We knew that many children had really good experiences in residential care when they were young - they’d told us about it. We were also aware of Edinburgh's Children: The report of the Edinburgh inquiry into abuse and protection of children in care and the 2002 Fife Inquiry into abuse of children by care home manager David Murphy. But we only became more directly involved with this when the Chief Executive of a voluntary agency approached us asking what we were going to do about historical abuse.
As a result, we hosted a Seminar in 2002, where a number of voluntary and statutory agencies were invited to share experiences of the emergence of abuse of children in residential care. However, it quickly became evident that the experiences of children who had lived in these homes were missing. Yes, there were academic articles and Inquiry reports, but there was very little which recorded the views of those adults who had been abused as children whilst living in residential care. This information gap flew in the face of one of SIRCC’s fundamental objectives - to work in partnership with all services stakeholders.
We badly wanted to close that information gap, but it was a highly sensitive issue; how should an eminent residential care organisation approach people who had been so badly hurt and abused within residential care? The answer was just to be open and honest - to respect the wealth of experience that survivors and victim/survivors bring, and to admit when we didn’t know something or had got it wrong.
As one of those tasked with closing the information gap, I initially approached In Care Abuse Survivors (INCAS).

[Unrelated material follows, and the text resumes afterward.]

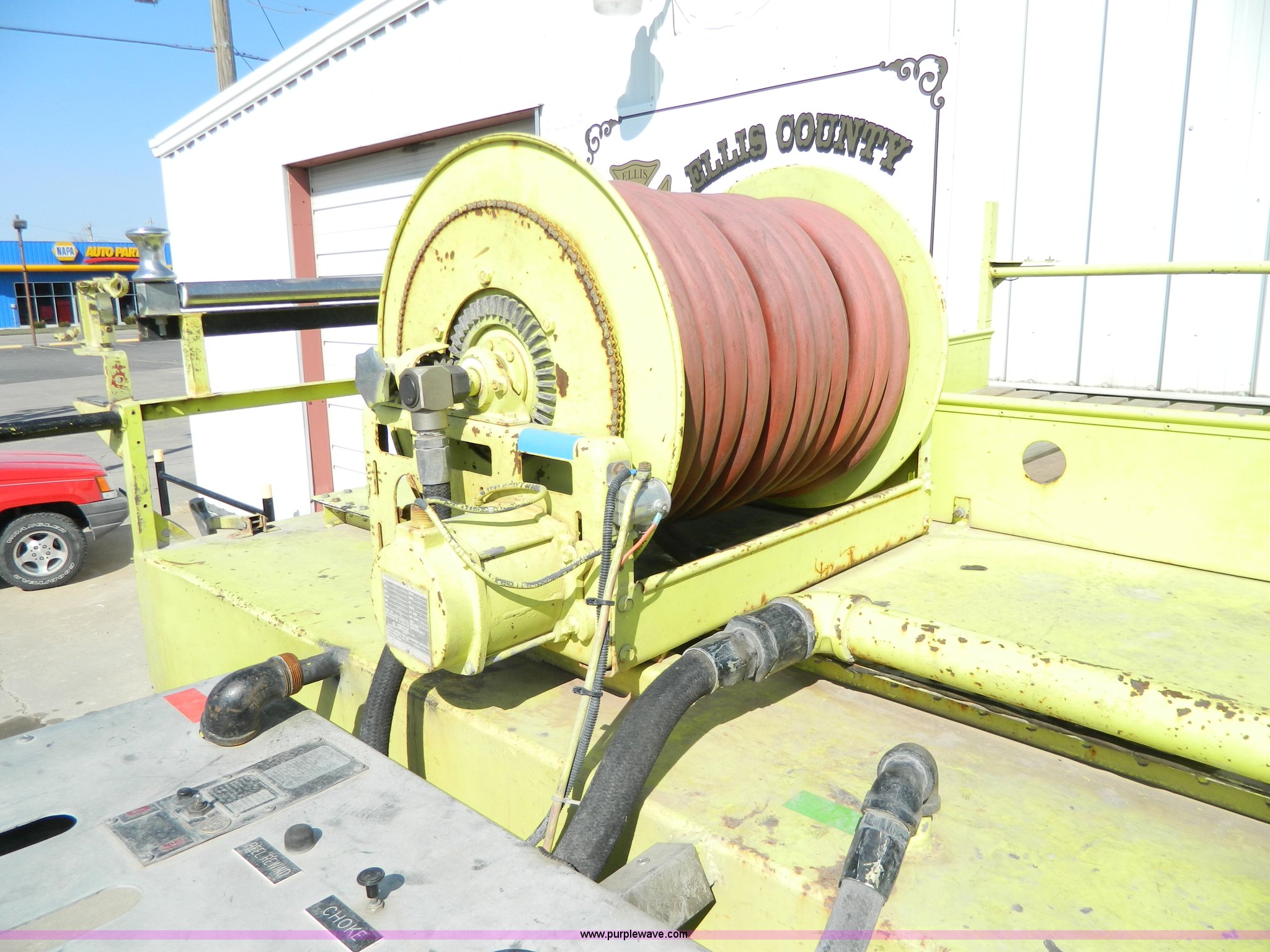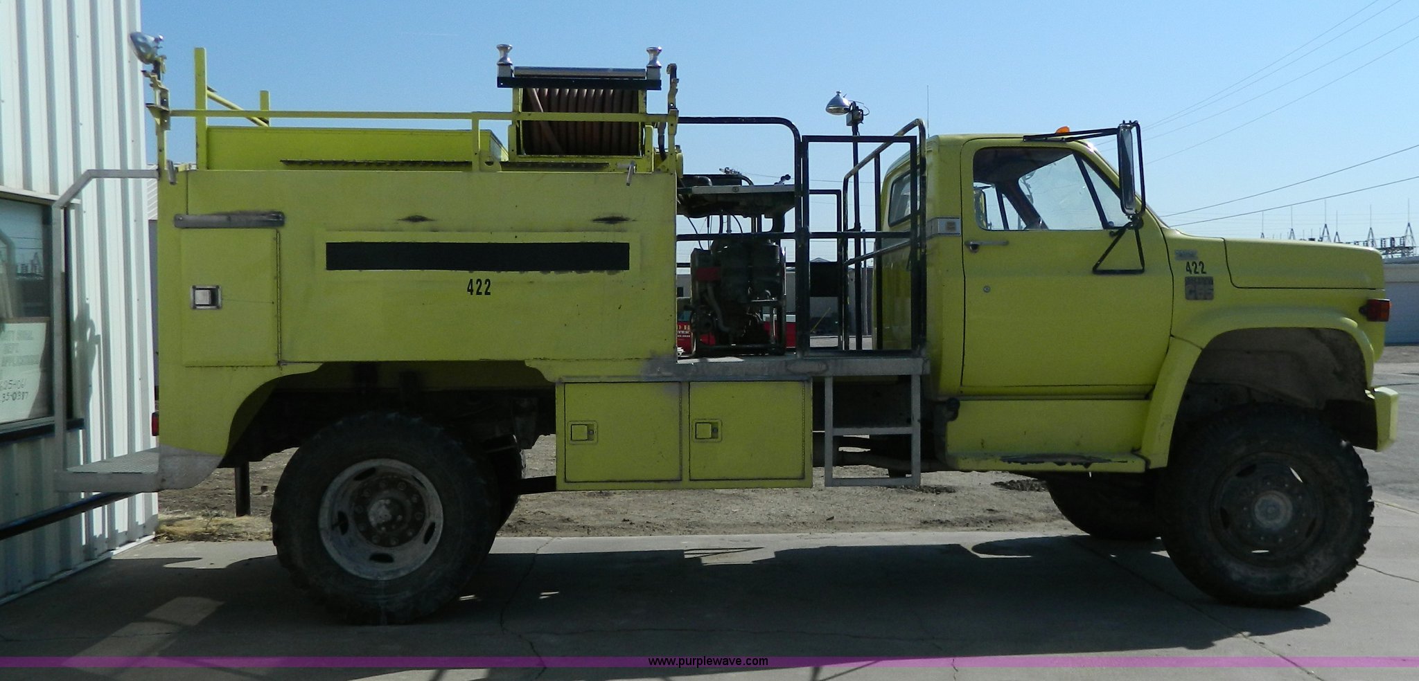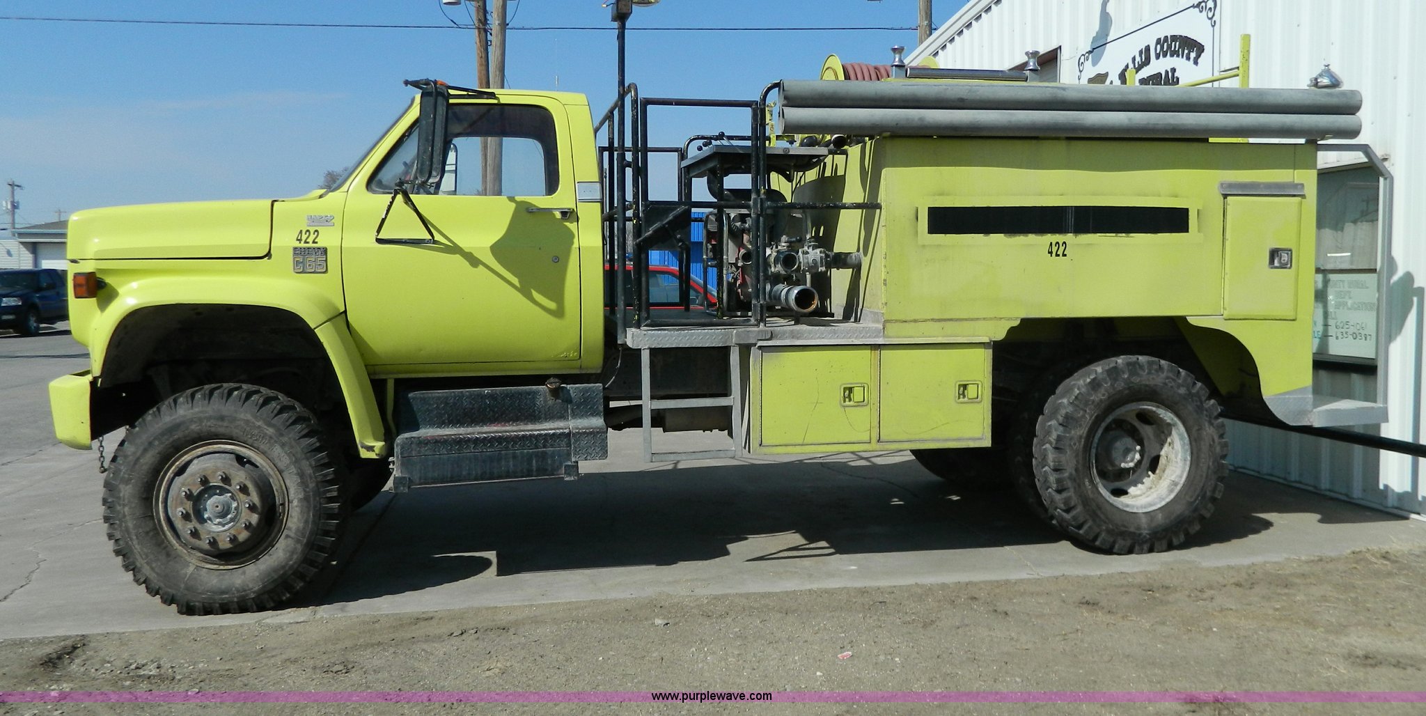 Purple Wave is selling a used Fire Truck or Emergency Vehicle in Kansas. This item is a 1973 Chevrolet C65 fire truck with the following: 3,600 miles on odometer, Not Actual Mileage, 5,018 hours on meter, Chevrolet V8 gas engine, Four wheel drive, Hale 250 gpm pump, 1,000 gallon water tank, Electric hose reel, 10.00-20 tires, Cosmetic damage, Rust

Through them, I was also contacted by Former Boys and Girls Abuse (of Quarriers Homes). I was warmly welcomed, and members invited me to meet a wide range of other survivors. I met people who were in residential care from as far back as 1915. One common thread was that while all had suffered maltreatment either by an individual or by the wider care system, many were quick to tell of the good experiences, and spoke highly of individuals who were role models, those carers who inspired them and fought their corner.

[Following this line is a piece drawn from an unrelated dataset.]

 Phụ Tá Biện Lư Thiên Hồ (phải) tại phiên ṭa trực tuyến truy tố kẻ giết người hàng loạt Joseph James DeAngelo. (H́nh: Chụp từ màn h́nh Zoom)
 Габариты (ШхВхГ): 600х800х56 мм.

It has been a long road for survivors to have their voices heard but I have shared a little of that journey with them.
I’ve visited the site of one children’s home with some survivors, and we spoke of their memories. And when possible I attend the annual memorial service run by survivors. As the Scottish Government agenda on addressing historical abuse gathered pace and we began working with Scottish Human Rights Commission, it was obvious that SIRCC, and later CELCIS, should play an important part in that work, and I’m still involved.
Sadly, time goes on, and I have now attended funeral services of some of those survivors I met on the way, but the journey continues. Many of us still strive for justice for survivors of historical abuse, and are working to ensure that it cannot happen to children in care today. It’s only by working in partnership, and hearing the voices and unique experiences of care leavers and survivors of institutional abuse, that justice can be contemplated, and children in care can be properly protected now, and into the future.
The Scottish Government is holding a public inquiry into historical child abuse in Scotland.